Data provided:

........

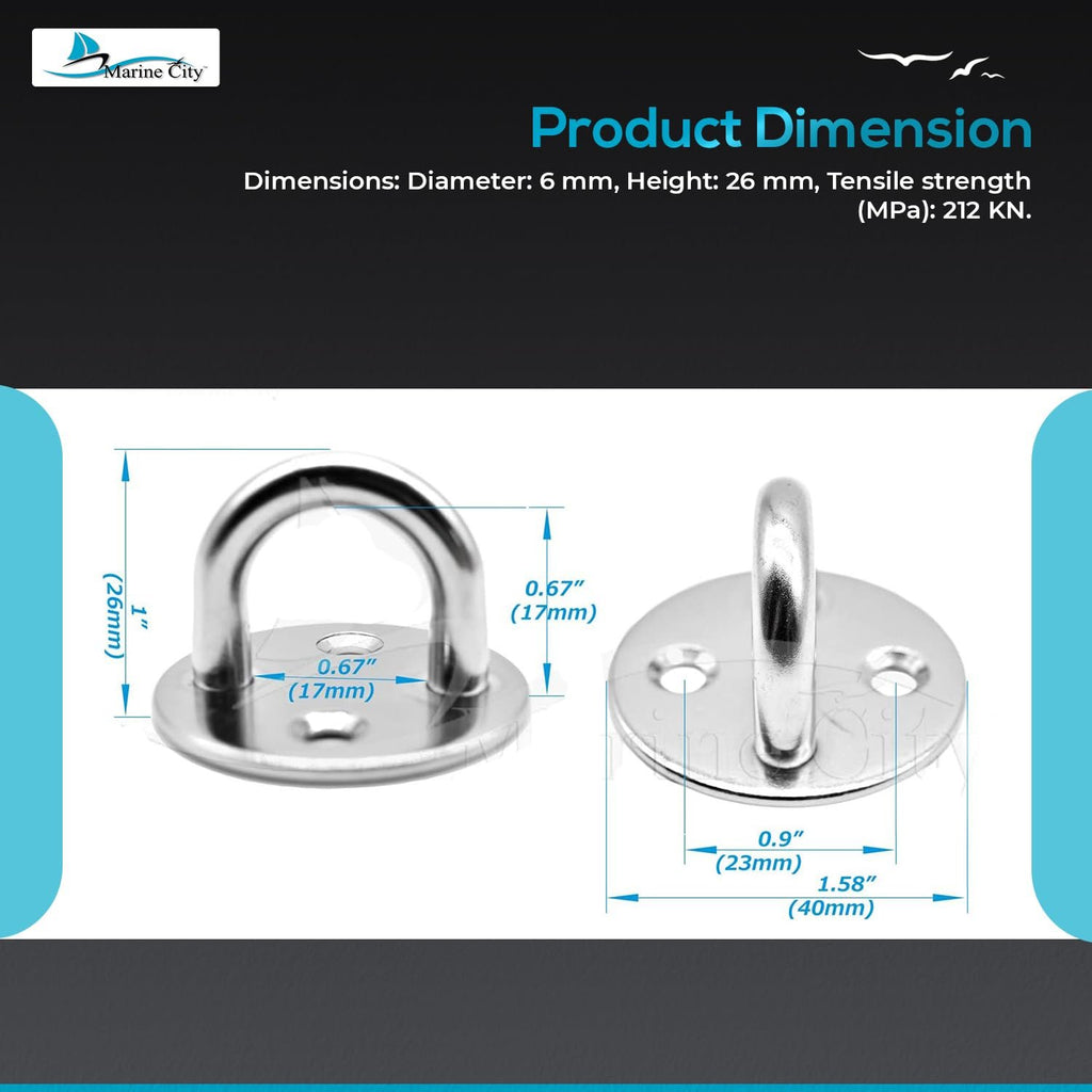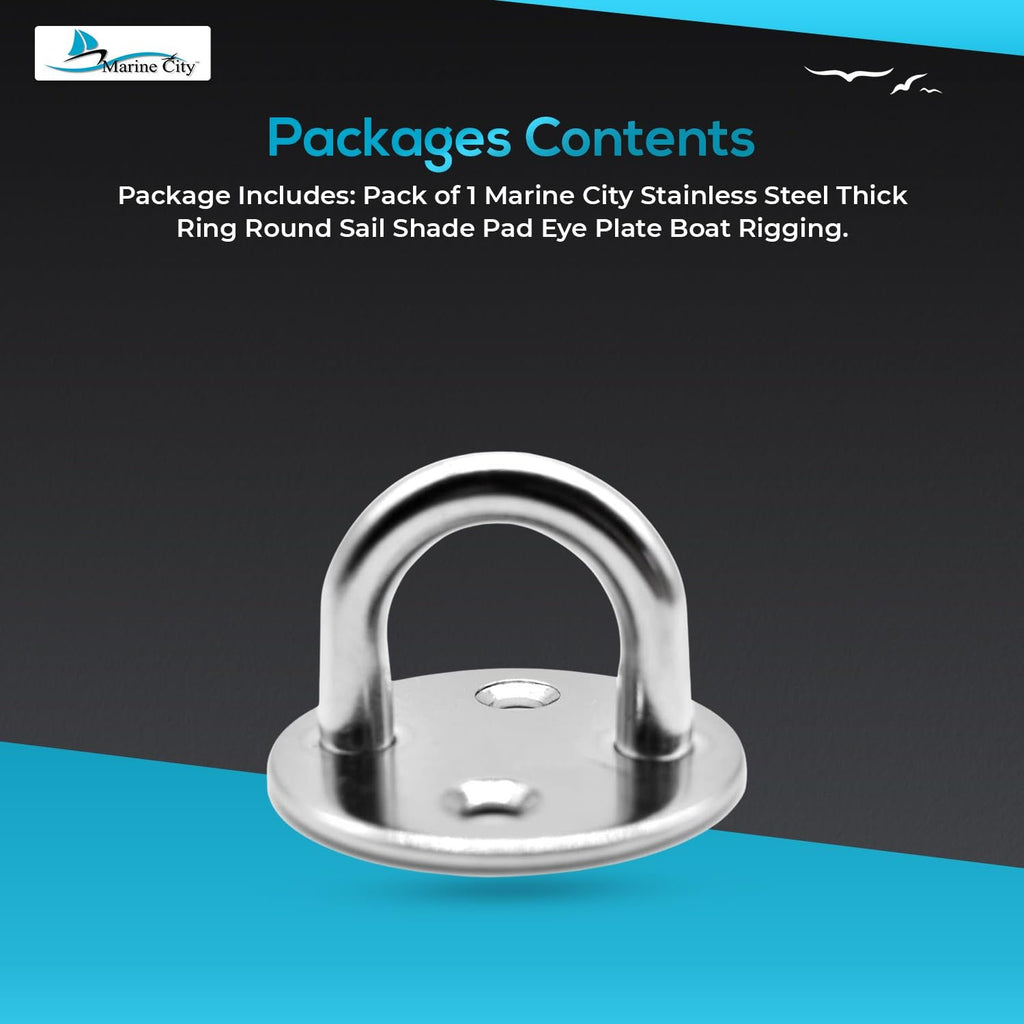 The Marine City Medium Thick Ring Round Sail Shade Pad Eye Plate is a premium marine-grade mounting solution designed for strength, durability, and long-term performance in demanding environments. Manufactured from 316-grade stainless steel, this pad eye offers excellent resistance to rust, corrosion, and saltwater exposure.
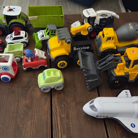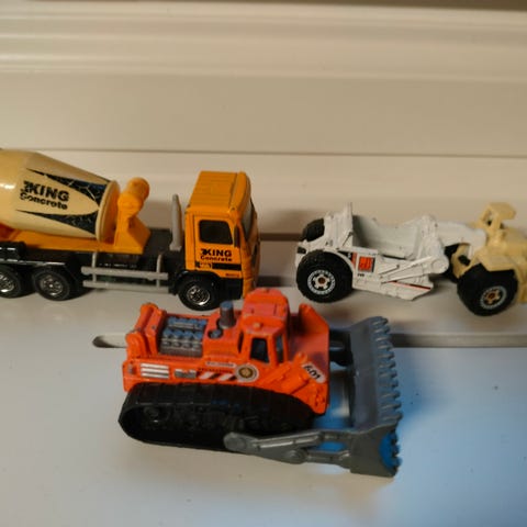 Pienet hyväkuntoiset kulkuneuvot. Työkoneet nulkevat itsekseen kun vetää ensin taaksepäin maata vasten. Kestävää muovia. Mukana traktori , kuorma-auto , betoniauto ja kaivuri .
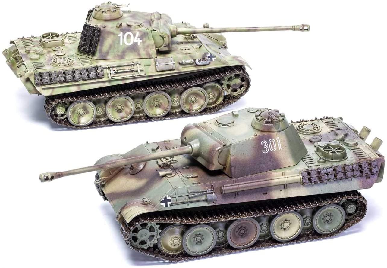 On 3rd April 1944, M.A.N. reported that it had successfully completed trial production runs of the new Ausf.G chassis. M.A.N. built about 1143 Panther Ausf.G tanks between March 1944 and April 1945. Between July 1944 to March 1945 M.N.H. constructed 806 Panther Ausf.G tanks. Daimler-Benz finished 1004 Panther Ausf.G tanks between May 1944 and April 1945e were some minor differences between factory built tanks. M.N.H. fitted a cast steel Gleitschuh skid shoes instead of a rubber tire return roller behind the front track drive sprocket. The other two factories continued to fit rubber rimmed return rollers. Please note, box and model dimensions are shown as identical however only represent the box/package size.
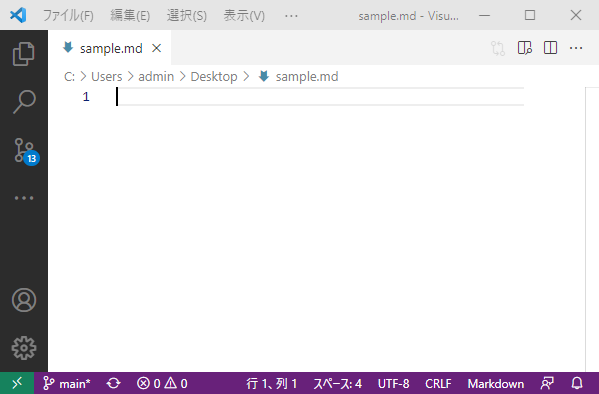 インストールした後は、適当に拡張子がmdのファイルを作成し、ダブルクリックすれば、Visual Studio Codeが起動して編集が可能になる。例えば、「sample.md」という空のファイルを作成して、それをダブルクリックする。こんな表示になる。
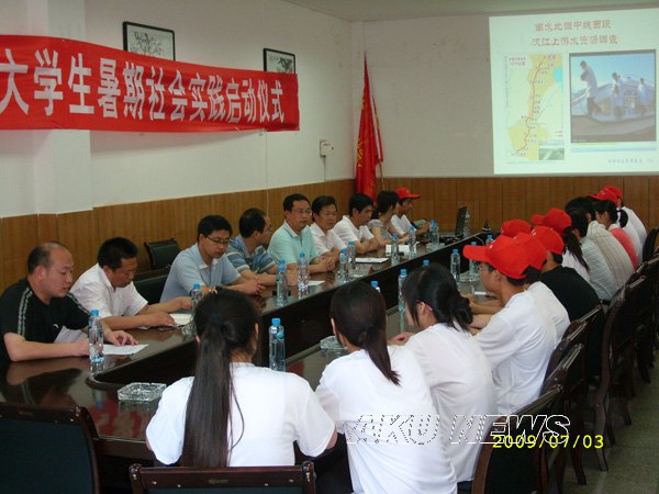 7月3日下午,学院团委2009年暑期大学生社会实践活动招标项目―― “南水北调西段水源地――汉江中上游水资源状况调查”启动仪式在第一会议室举行。学院副院长向纪明和宣传部、团委、保卫处负责人以及承担此项任务的化学化工系指导教师和学生出席了本次活动。启动仪式由化学化工系党总支书记张立虎主持。
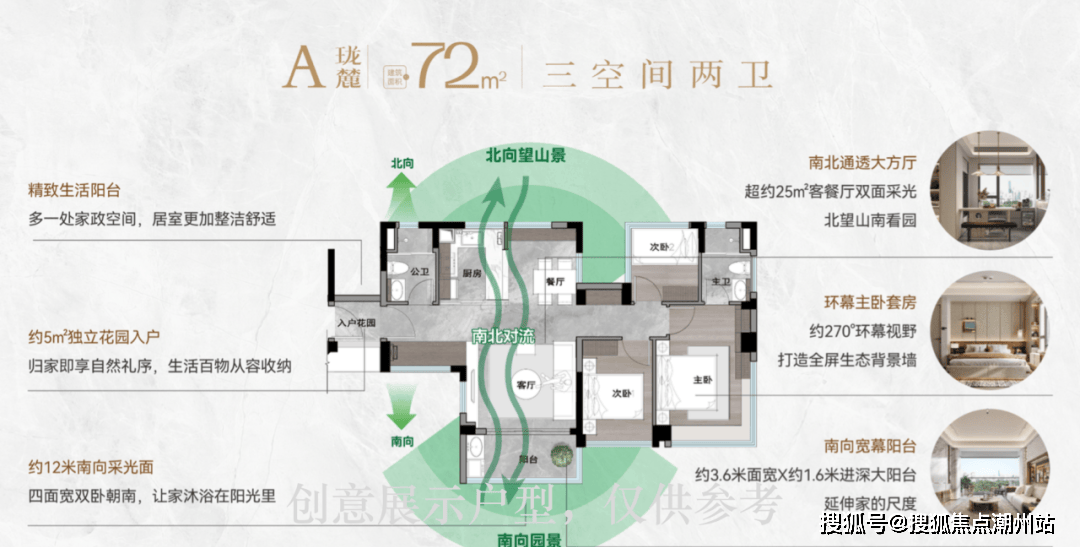 72㎡,是老黄埔最小的产品,但实现了三房两厅两卫,其他项目哪怕突破80㎡,也只能实现1.5卫。不仅是朝南,更是拥有南向园景+北向山景双重视野。
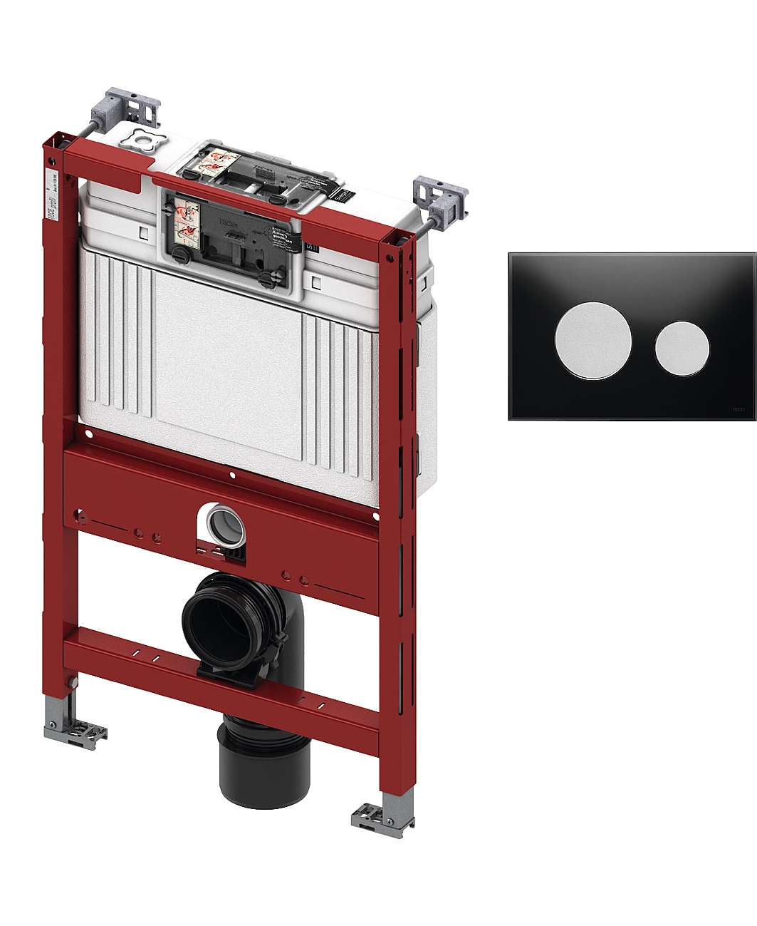 TECEprofil wc-inbouwframe met Uni-spoelkast, bouwhoogte 820 mm. Wc-inbouwreservoir voor bevestiging aan TECEprofil profielbuizen of montage in voorwand of hoekopstelling.

........

Work to be completed:
Each record must be repeated exactly, and no picture may be carried over.

Finished exercise:
 The Marine City Medium Thick Ring Round Sail Shade Pad Eye Plate is a premium marine-grade mounting solution designed for strength, durability, and long-term performance in demanding environments. Manufactured from 316-grade stainless steel, this pad eye offers excellent resistance to rust, corrosion, and saltwater exposure.
 Pienet hyväkuntoiset kulkuneuvot. Työkoneet nulkevat itsekseen kun vetää ensin taaksepäin maata vasten. Kestävää muovia. Mukana traktori , kuorma-auto , betoniauto ja kaivuri .
 On 3rd April 1944, M.A.N. reported that it had successfully completed trial production runs of the new Ausf.G chassis. M.A.N. built about 1143 Panther Ausf.G tanks between March 1944 and April 1945. Between July 1944 to March 1945 M.N.H. constructed 806 Panther Ausf.G tanks. Daimler-Benz finished 1004 Panther Ausf.G tanks between May 1944 and April 1945e were some minor differences between factory built tanks. M.N.H. fitted a cast steel Gleitschuh skid shoes instead of a rubber tire return roller behind the front track drive sprocket. The other two factories continued to fit rubber rimmed return rollers. Please note, box and model dimensions are shown as identical however only represent the box/package size.
 インストールした後は、適当に拡張子がmdのファイルを作成し、ダブルクリックすれば、Visual Studio Codeが起動して編集が可能になる。例えば、「sample.md」という空のファイルを作成して、それをダブルクリックする。こんな表示になる。
 7月3日下午,学院团委2009年暑期大学生社会实践活动招标项目―― “南水北调西段水源地――汉江中上游水资源状况调查”启动仪式在第一会议室举行。学院副院长向纪明和宣传部、团委、保卫处负责人以及承担此项任务的化学化工系指导教师和学生出席了本次活动。启动仪式由化学化工系党总支书记张立虎主持。
 72㎡,是老黄埔最小的产品,但实现了三房两厅两卫,其他项目哪怕突破80㎡,也只能实现1.5卫。不仅是朝南,更是拥有南向园景+北向山景双重视野。
 TECEprofil wc-inbouwframe met Uni-spoelkast, bouwhoogte 820 mm. Wc-inbouwreservoir voor bevestiging aan TECEprofil profielbuizen of montage in voorwand of hoekopstelling.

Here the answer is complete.